CN212086511U - Electroluminescence thin film - Google Patents

Abstract

The application relates to an electrogenerated heating film, which comprises a basal layer and a heating layer, wherein the heating layer is arranged in the basal layer and used for heating when being electrified, and the basal layer is a polyimide film. By adopting the polyimide film as the substrate layer, the electro-heating film can work at the temperature of more than 150 ℃, and can adapt to high-temperature application scenes.

Description

Electroluminescence thin film

Technical Field

The application relates to the field of heating films, in particular to an electric heating film.

Background

In cold winter, heating equipment is essential for areas without indoor heating.

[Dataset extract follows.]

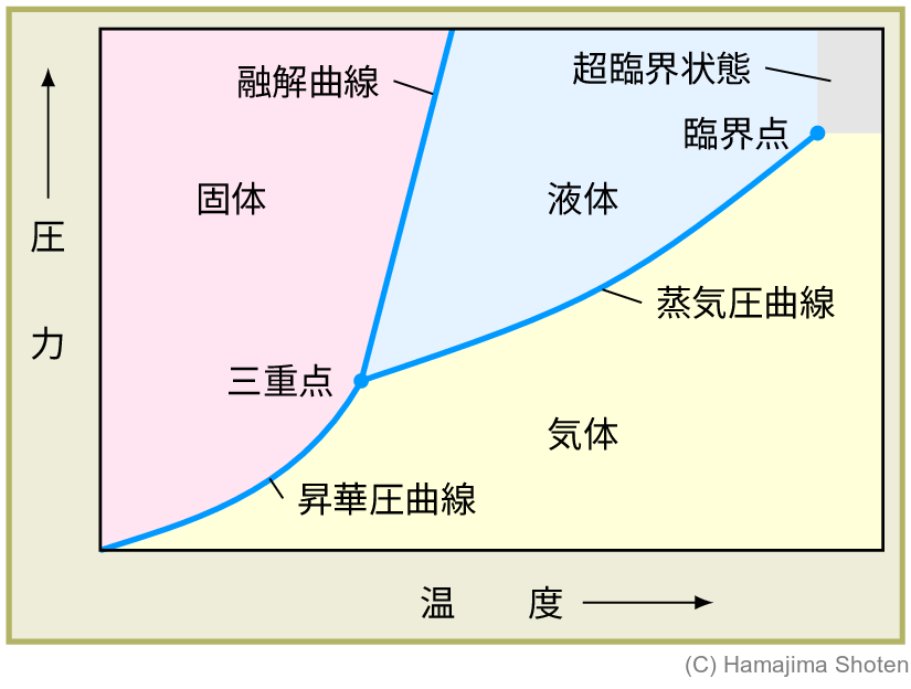 固体と気体の境界線は昇華圧曲線,固体と液体の境界線は融解曲線,液体と気体の境界線は蒸気圧曲線になる。これらの境界線が交わる点(三重点)は,固体・液体・気体が共存する点である。

The existing heating equipment generally generates heat after being electrified through various heating wires, most of the existing heating equipment is a high polymer heating film which can be widely applied to household equipment such as an electric blanket and the like, but the existing high polymer heating film usually works below 150 ℃ and is difficult to work for a long time above 150 ℃, otherwise, the high polymer heating film can be damaged, and a fire disaster can be caused in serious cases.

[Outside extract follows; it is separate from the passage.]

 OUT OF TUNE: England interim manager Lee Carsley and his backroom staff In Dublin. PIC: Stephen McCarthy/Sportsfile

SUMMERY OF THE UTILITY MODEL

Therefore, it is necessary to provide an electroluminescent thin film for solving the problems that the conventional polymer heating film usually works below 150 ℃ and is difficult to work above 150 ℃ for a long time, otherwise, the polymer heating film is damaged, and a fire is caused in serious cases.

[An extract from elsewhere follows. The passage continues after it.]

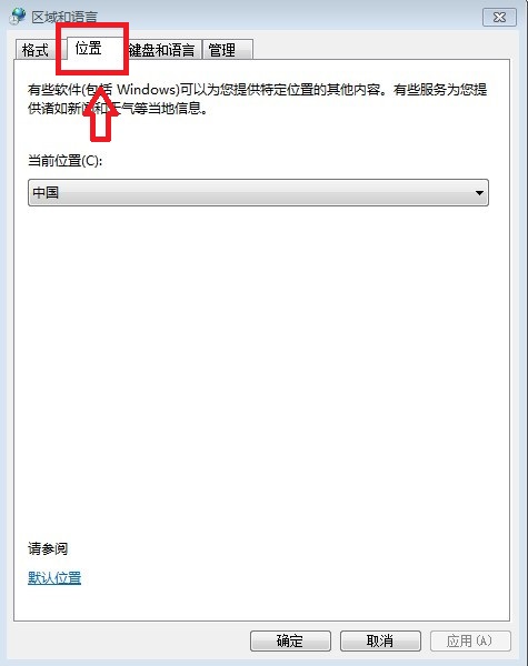 三、接下来会弹出一个“区域和语音”设置属性对话框,我们在顶部切换到“位置”选项卡,如下图所示:

The utility model provides an electrogenerated heating film, includes stratum basale and generates heat the layer, generate heat the layer set up in the stratum basale for generate heat when the circular telegram, the stratum basale is the polyimide film.

In one embodiment, the base layer comprises a first base layer and a second base layer, the first base layer and the second base layer are fixed with each other, and the heat generating layer is arranged between the first base layer and the second base layer.

In one embodiment, the heating layer includes a plurality of heating units, the plurality of heating units are electrically connected to each other, the plurality of heating units are arranged at intervals, a preset gap is formed between every two adjacent heating units, and the first substrate layer and the second substrate layer are fixedly connected at the gap between every two adjacent heating units.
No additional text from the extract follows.